Recorded information.
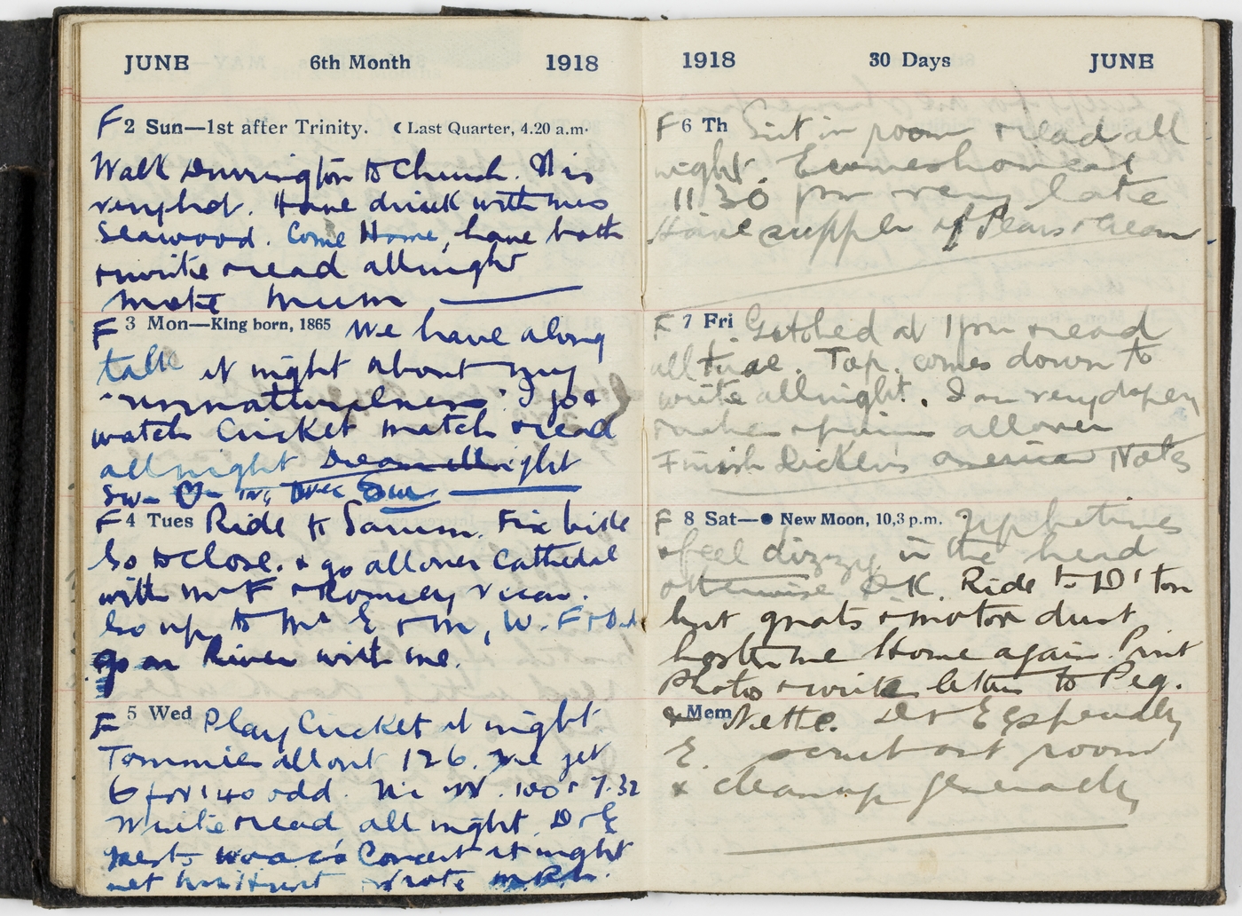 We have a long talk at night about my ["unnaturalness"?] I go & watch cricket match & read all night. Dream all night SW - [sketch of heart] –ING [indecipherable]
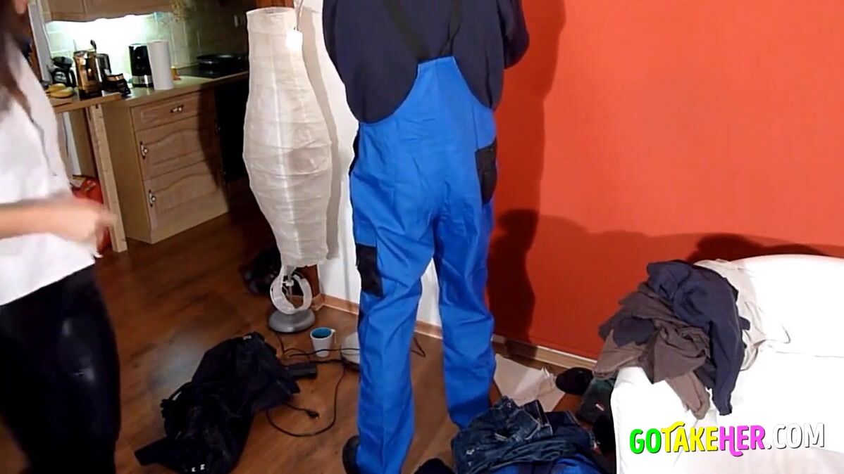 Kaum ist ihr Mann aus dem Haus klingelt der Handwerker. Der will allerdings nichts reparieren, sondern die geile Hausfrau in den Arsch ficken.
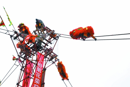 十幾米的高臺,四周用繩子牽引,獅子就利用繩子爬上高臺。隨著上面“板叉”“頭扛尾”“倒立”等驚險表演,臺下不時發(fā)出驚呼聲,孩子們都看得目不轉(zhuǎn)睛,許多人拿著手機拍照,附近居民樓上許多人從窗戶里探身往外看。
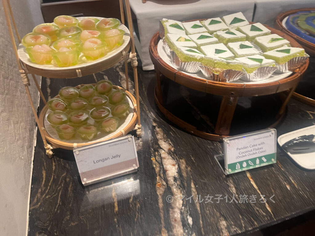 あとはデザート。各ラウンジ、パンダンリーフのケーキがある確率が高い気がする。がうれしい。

Problem.
Exact copy, pictures excluded: every line above from the one containing "Kaum ist ihr" to the one containing "十幾米的高臺,四周用繩子牽引", inclusive, and nothing more.

Answer box.
 Kaum ist ihr Mann aus dem Haus klingelt der Handwerker. Der will allerdings nichts reparieren, sondern die geile Hausfrau in den Arsch ficken.
 十幾米的高臺,四周用繩子牽引,獅子就利用繩子爬上高臺。隨著上面“板叉”“頭扛尾”“倒立”等驚險表演,臺下不時發(fā)出驚呼聲,孩子們都看得目不轉(zhuǎn)睛,許多人拿著手機拍照,附近居民樓上許多人從窗戶里探身往外看。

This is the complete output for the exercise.